■ **What is expected**: Set down every record below exactly as written.

Segment Start: Material shown

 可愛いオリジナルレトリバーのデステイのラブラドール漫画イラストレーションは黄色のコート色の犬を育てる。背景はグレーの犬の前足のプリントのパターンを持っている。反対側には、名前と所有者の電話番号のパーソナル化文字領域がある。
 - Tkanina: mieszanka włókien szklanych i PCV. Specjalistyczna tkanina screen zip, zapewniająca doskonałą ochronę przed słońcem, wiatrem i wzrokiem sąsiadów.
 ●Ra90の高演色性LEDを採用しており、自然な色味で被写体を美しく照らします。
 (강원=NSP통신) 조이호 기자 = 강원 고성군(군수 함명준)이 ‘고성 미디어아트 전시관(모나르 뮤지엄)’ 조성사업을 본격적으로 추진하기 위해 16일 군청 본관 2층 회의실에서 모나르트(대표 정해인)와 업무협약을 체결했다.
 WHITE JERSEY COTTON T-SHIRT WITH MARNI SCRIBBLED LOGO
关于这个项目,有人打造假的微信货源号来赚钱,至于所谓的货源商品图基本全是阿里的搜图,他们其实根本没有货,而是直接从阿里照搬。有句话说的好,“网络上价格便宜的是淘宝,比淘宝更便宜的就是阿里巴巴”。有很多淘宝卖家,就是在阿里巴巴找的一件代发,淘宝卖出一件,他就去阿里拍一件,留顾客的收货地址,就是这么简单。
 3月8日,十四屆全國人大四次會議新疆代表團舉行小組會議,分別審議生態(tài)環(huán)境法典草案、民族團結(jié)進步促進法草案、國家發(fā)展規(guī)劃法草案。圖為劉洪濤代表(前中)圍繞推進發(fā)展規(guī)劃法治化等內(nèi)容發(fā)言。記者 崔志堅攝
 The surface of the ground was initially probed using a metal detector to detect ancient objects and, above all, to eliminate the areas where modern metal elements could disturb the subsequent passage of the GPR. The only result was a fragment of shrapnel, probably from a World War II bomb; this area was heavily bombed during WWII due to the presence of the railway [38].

Segment End: Material shown

■ **Output**:
 可愛いオリジナルレトリバーのデステイのラブラドール漫画イラストレーションは黄色のコート色の犬を育てる。背景はグレーの犬の前足のプリントのパターンを持っている。反対側には、名前と所有者の電話番号のパーソナル化文字領域がある。
 - Tkanina: mieszanka włókien szklanych i PCV. Specjalistyczna tkanina screen zip, zapewniająca doskonałą ochronę przed słońcem, wiatrem i wzrokiem sąsiadów.
 ●Ra90の高演色性LEDを採用しており、自然な色味で被写体を美しく照らします。
 (강원=NSP통신) 조이호 기자 = 강원 고성군(군수 함명준)이 ‘고성 미디어아트 전시관(모나르 뮤지엄)’ 조성사업을 본격적으로 추진하기 위해 16일 군청 본관 2층 회의실에서 모나르트(대표 정해인)와 업무협약을 체결했다.
 WHITE JERSEY COTTON T-SHIRT WITH MARNI SCRIBBLED LOGO
关于这个项目,有人打造假的微信货源号来赚钱,至于所谓的货源商品图基本全是阿里的搜图,他们其实根本没有货,而是直接从阿里照搬。有句话说的好,“网络上价格便宜的是淘宝,比淘宝更便宜的就是阿里巴巴”。有很多淘宝卖家,就是在阿里巴巴找的一件代发,淘宝卖出一件,他就去阿里拍一件,留顾客的收货地址,就是这么简单。
 3月8日,十四屆全國人大四次會議新疆代表團舉行小組會議,分別審議生態(tài)環(huán)境法典草案、民族團結(jié)進步促進法草案、國家發(fā)展規(guī)劃法草案。圖為劉洪濤代表(前中)圍繞推進發(fā)展規(guī)劃法治化等內(nèi)容發(fā)言。記者 崔志堅攝
 The surface of the ground was initially probed using a metal detector to detect ancient objects and, above all, to eliminate the areas where modern metal elements could disturb the subsequent passage of the GPR. The only result was a fragment of shrapnel, probably from a World War II bomb; this area was heavily bombed during WWII due to the presence of the railway [38].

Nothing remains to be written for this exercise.